On Monday, June 12, 2017, the United States Supreme Court in a unanimous decision held that manufacturers making biosimilars of biologic drugs did not have to wait until after gaining federal approval of the biosimilar to notify the manufacturer of biologic reference products (Sponsor) that they intend to commercially market a biosimilar drug. The Court’s decision addresses two cases in the same opinion: Sandoz v. Amgen and Amgen v. Sandoz.
The cases involve the Biologics Price Competition and Innovation Act of 2009 (the Act). The Act created an abbreviated path to Food and Drug Administration (FDA) approval for “biosimilars” – products that are “highly similar” biological products previously approved by the FDA. In pertinent part, the Act states that biosimilar manufacturers must provide at least 180 days’ notice to the Sponsors manufacturing the corresponding biologic before commercially marketing a biosimilar. The Act also established a process for resolving patent disputes between manufacturer of biologics and biosimilars.

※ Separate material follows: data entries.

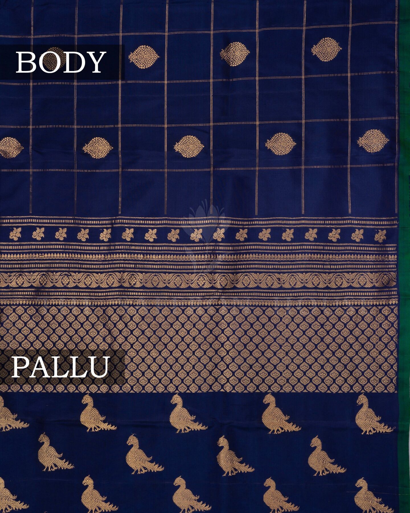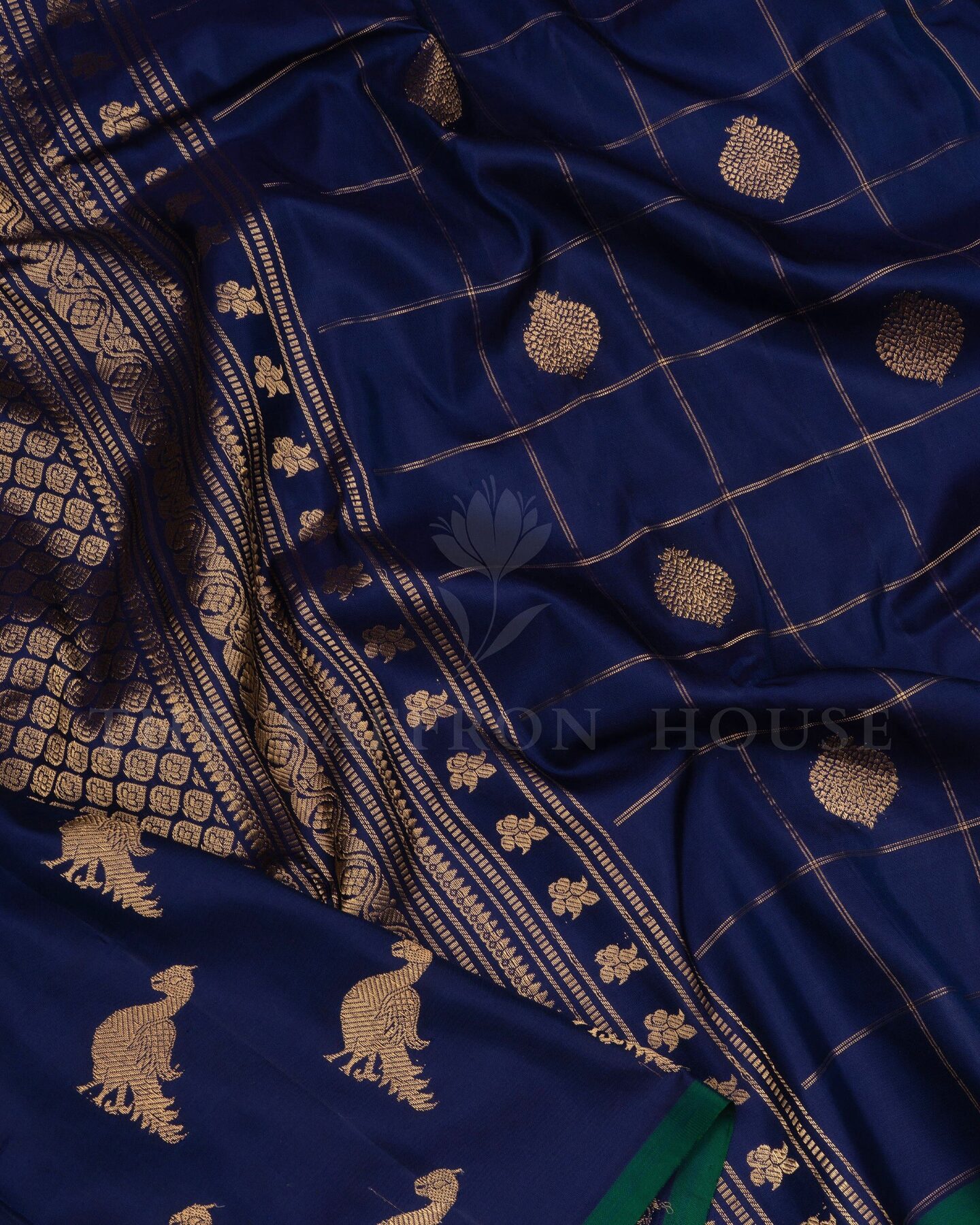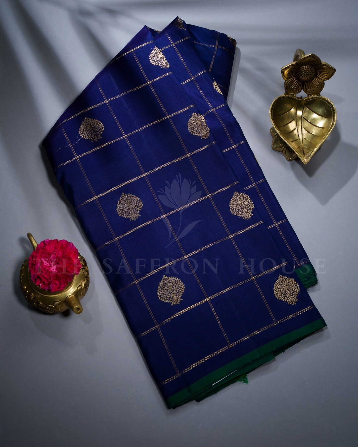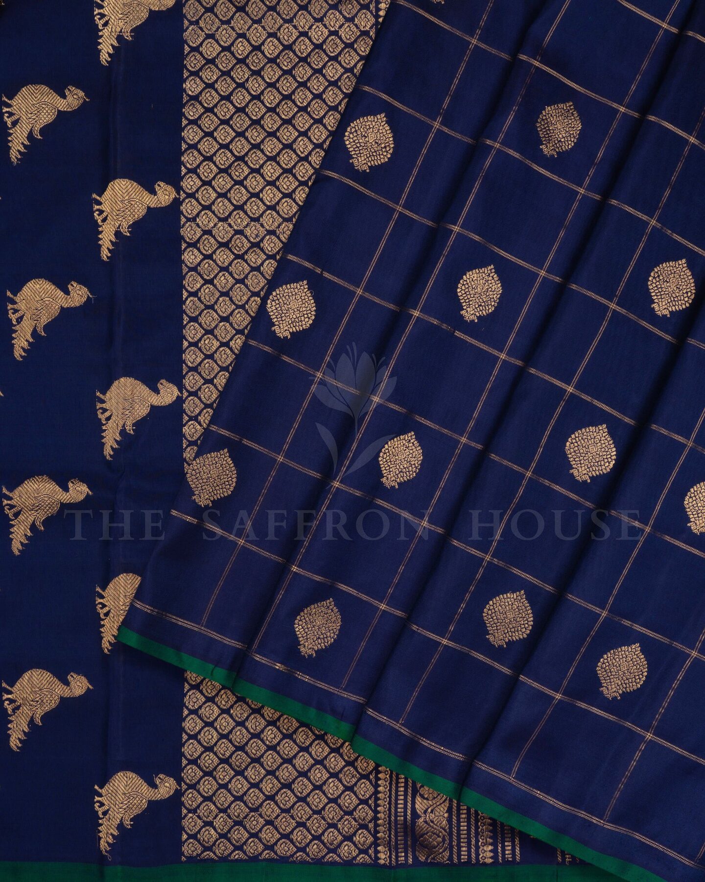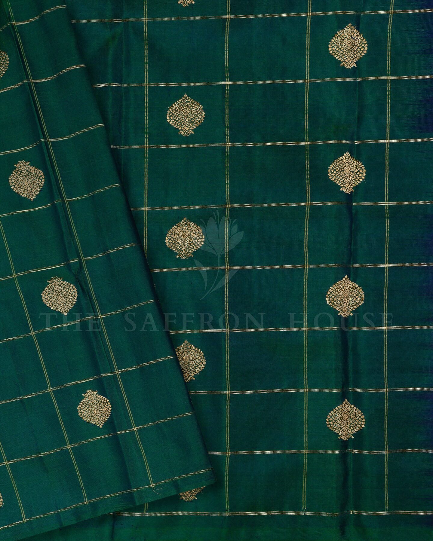 The body is adorned with golden zari leaf buttas with zari checks, each thread placed with precision and purpose. The without border border frames the drape with confident definition, while gold zari runs through the weave, catching light the way temple gold does — slowly, deeply, unforgettably.
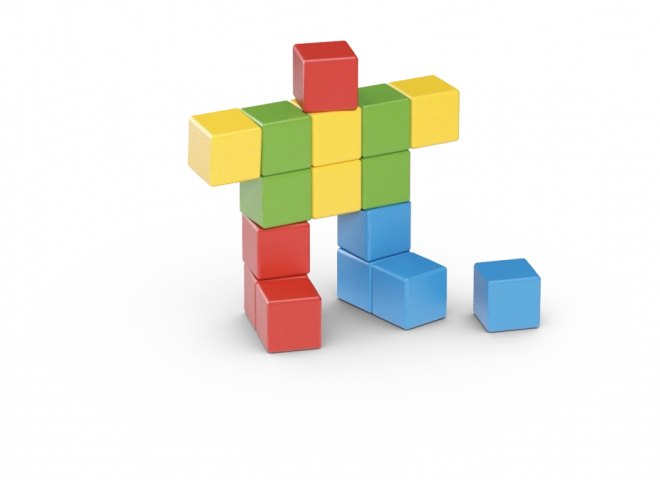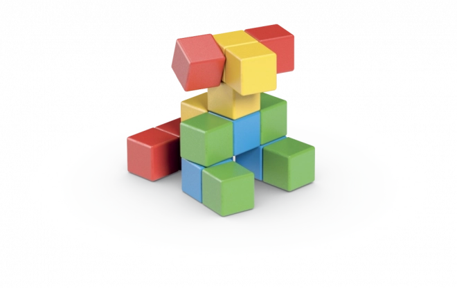 Avec 16 cubes, composez de simples personnages, des animaux et des formes fantastiques. Le jeu développe naturellement l’imagination et la pensée logique.
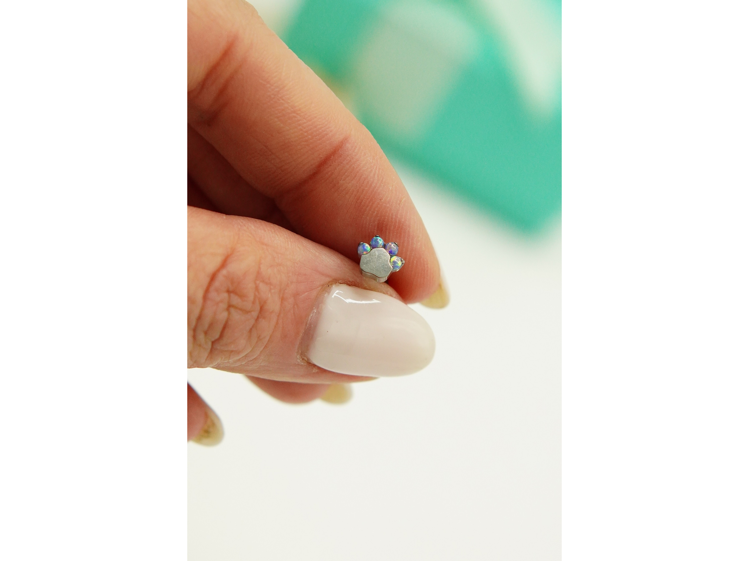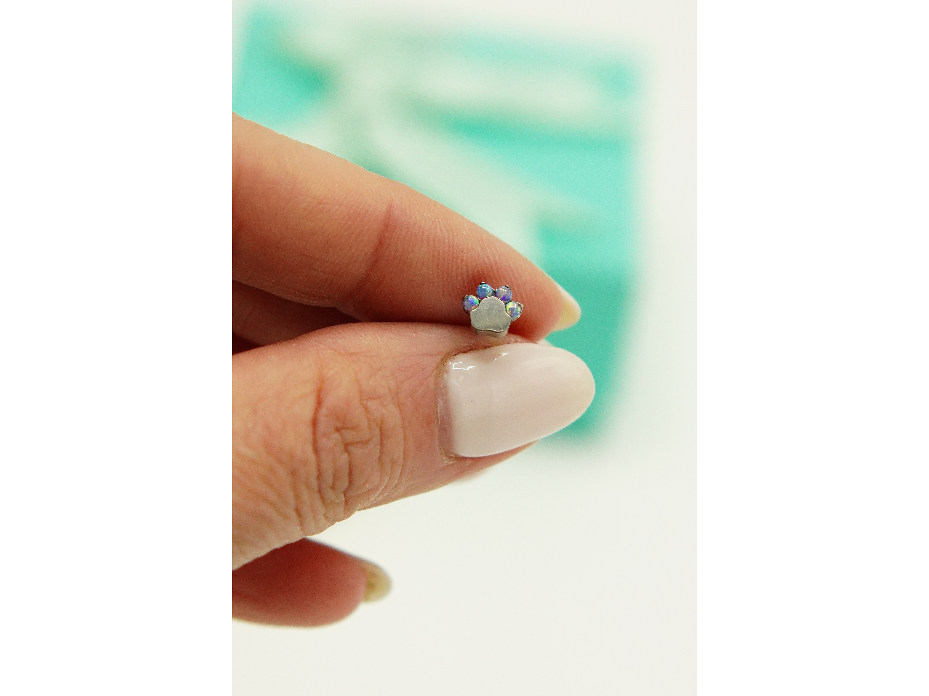 Piercing Labret 8mm Huella Perro Opalo Titanio Astm F136
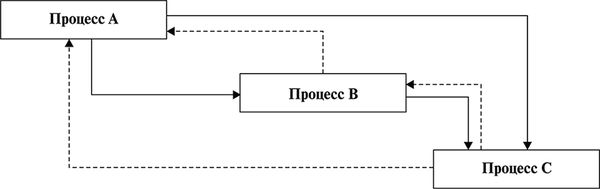 Можно выделить прямые и обратные связи между процессами, а также связи непосредственные и опосредованные (рис. 5.5). Например, информация процесса А передается процессу B, который не может работать без этой информации, – связь прямая. В то же время результаты процесса B могут учитываться в процессе А – связь обратная. Между процессами А и B нет других процессов – связь непосредственная. Те же связи между процессами B и С. Связь между процессами А и С осуществляется через процесс B – она опосредованная. Очевидно, что сбой в одном процессе ведет к сбою в других процессах.
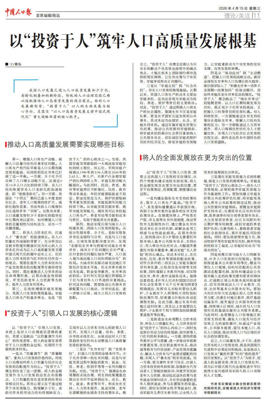 本网讯 4月15日,国家级人口领域权威媒体《中国人口报》理论版整版刊发经济与管理学院青年教师撰写的理论文章《以“投资于人”筑牢人口高质量发展根基》,系统阐释我国人口高质量发展的核心路径与实践框架,为新时代人口治理转型提供学术支撑与政策参考。
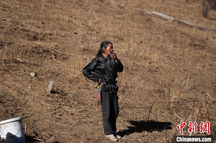 圖為丹增培楚在牧場(chǎng)使用對(duì)講機(jī)。劉冉陽 攝
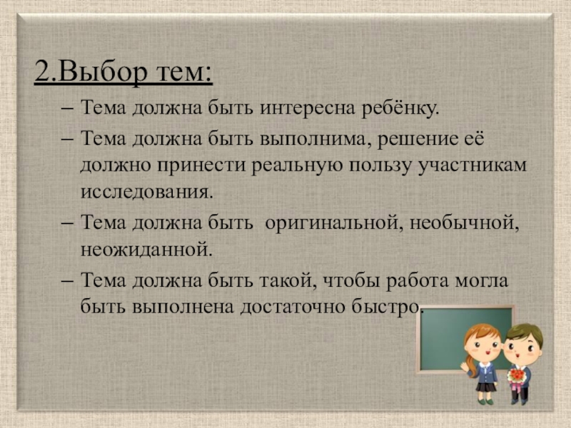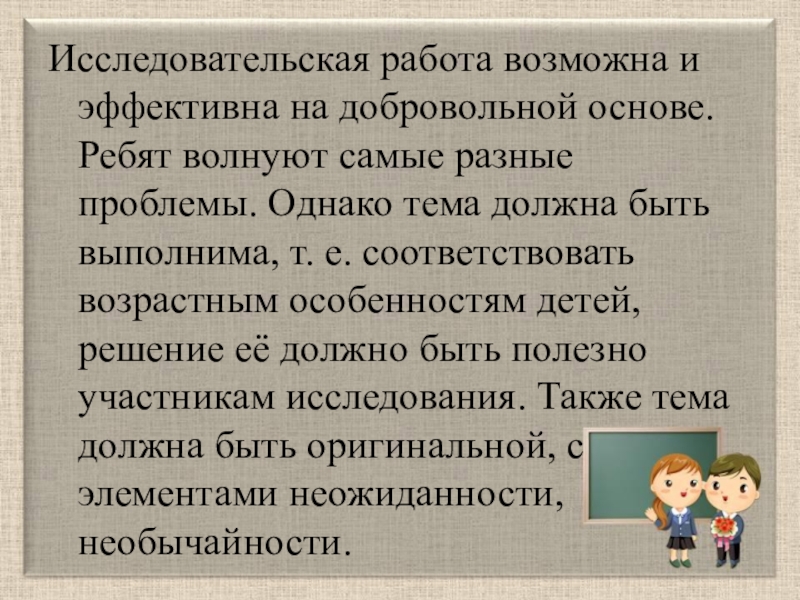 разные проблемы. Однако тема должна быть выполнима, т. е. соответствовать возрастным особенностям детей, решение её должно быть полезно участникам исследования. Также тема должна быть оригинальной, с элементами неожиданности, необычайности.
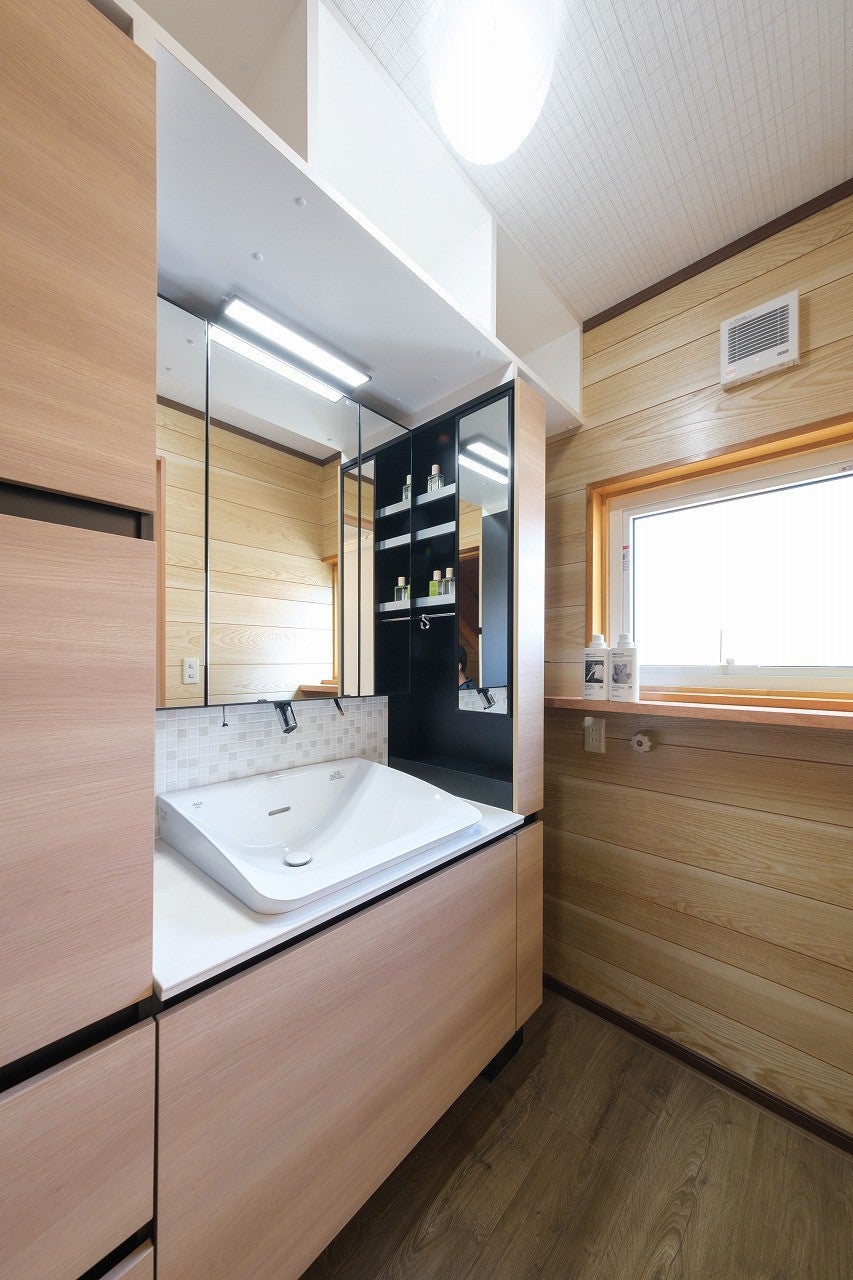 洗面化粧台の上には造り付けの棚が設置され収納力もアップしました。
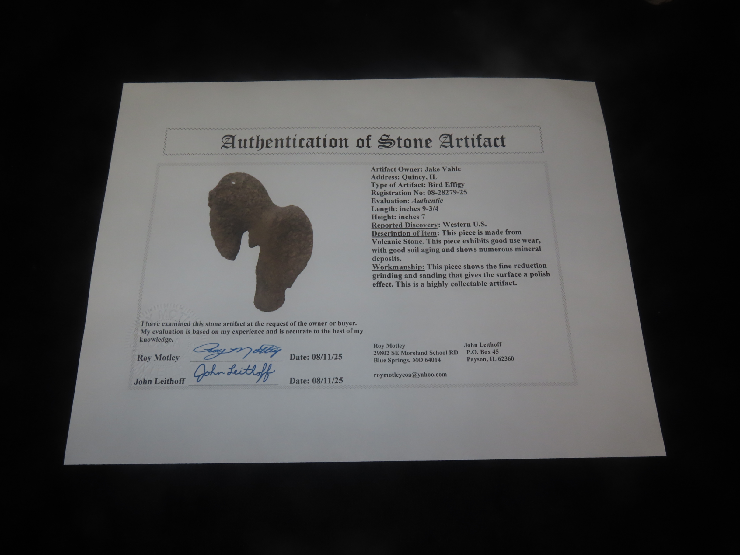 9 3/4″ X 7″ Volcanic Stone Bird Effigy, Motley COA, found in Western United States
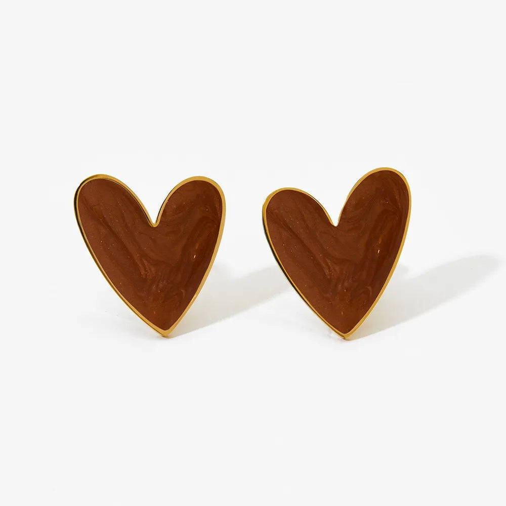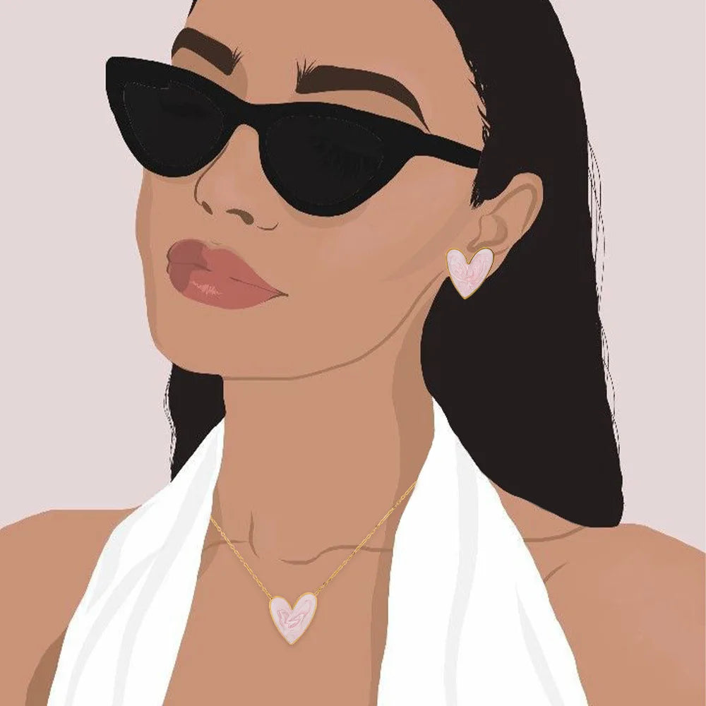 18K Gold PVD Plated Stainless Steel Colorful Enamel Heart Necklace Earring Set For Women Spring Summer Jewelry Waterproof
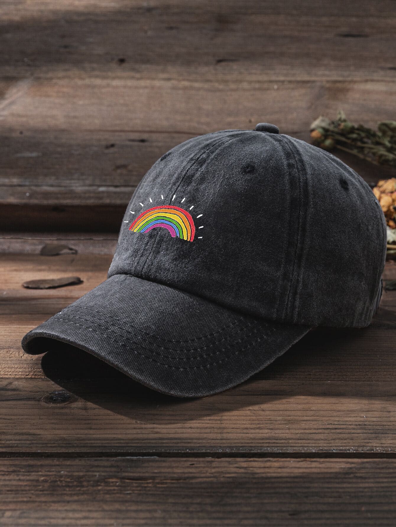 1 pezzo Cappellino da baseball stile Y2K unisex con stampa arcobaleno lavato, berretto lavorato a maglia per esterni, casual e versatile, adatto per l uso quotidiano in inverno
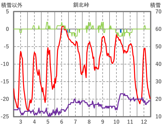 | 日 | 時 | 気温 | 降水 | 風向/風速 | 日照 | 積雪 | 降雪 |
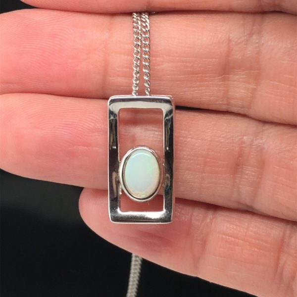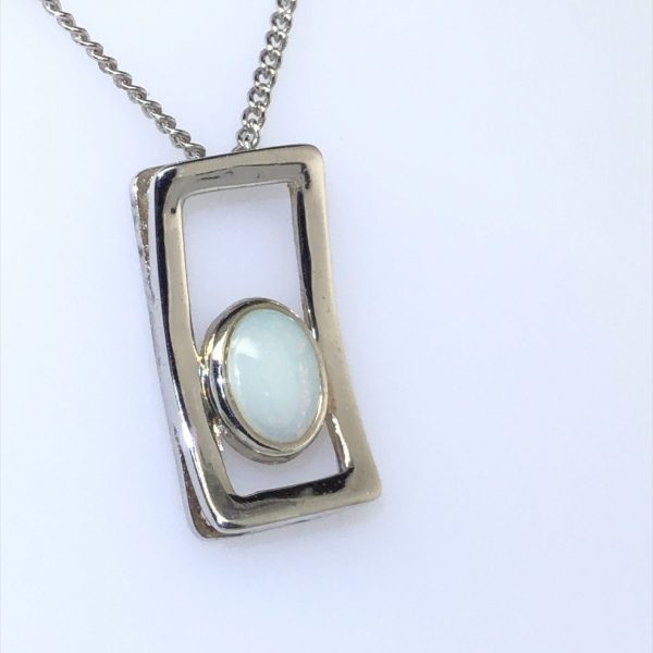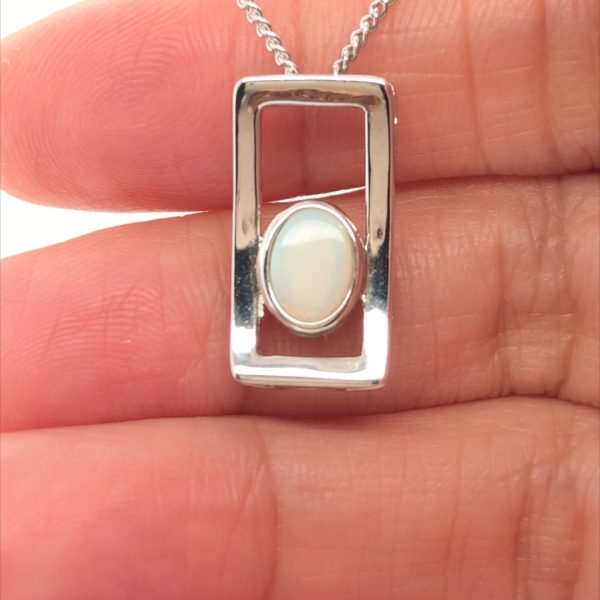 Silver Solid White Opal Necklace unisex 365
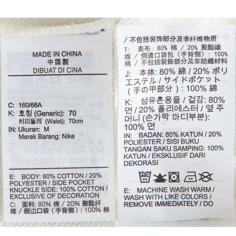 尺码 XS S M L XL
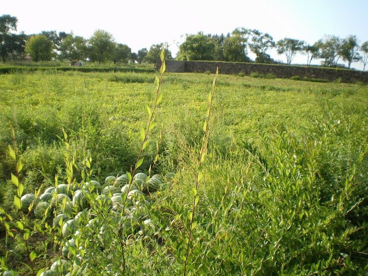 照片上的西瓜,別問我有沒有去偷採...旁邊有大娘在採收,只是沒入鏡而已,不過似乎只要給他一塊錢就可以給我一顆....。

One question before the Court was whether the biosimilar manufacturer can provide the marketing notice before the biosimilar receives FDA approval, or whether it must delay notification until after its receives FDA approval. Justice Clarence Thomas, delivering the opinion of the Court, stated that the biosimilar manufacturer may provide notice before receiving FDA approval. The decision states that the Act “contains a single timing requirement: The applicant must provide notice at least 180 days prior to marketing its biosimilar.” The Supreme Court’s ruling reversed a Federal Circuit Court of Appeals decision, which held that notice could not take place until after the biosimilar received FDA approval . The ruling also vacated and remanded a second issue regarding whether certain requirements in the patent infringement review sections of the Act can be enforced by an injunction. The case also leaves open questions under California’s unfair competition law.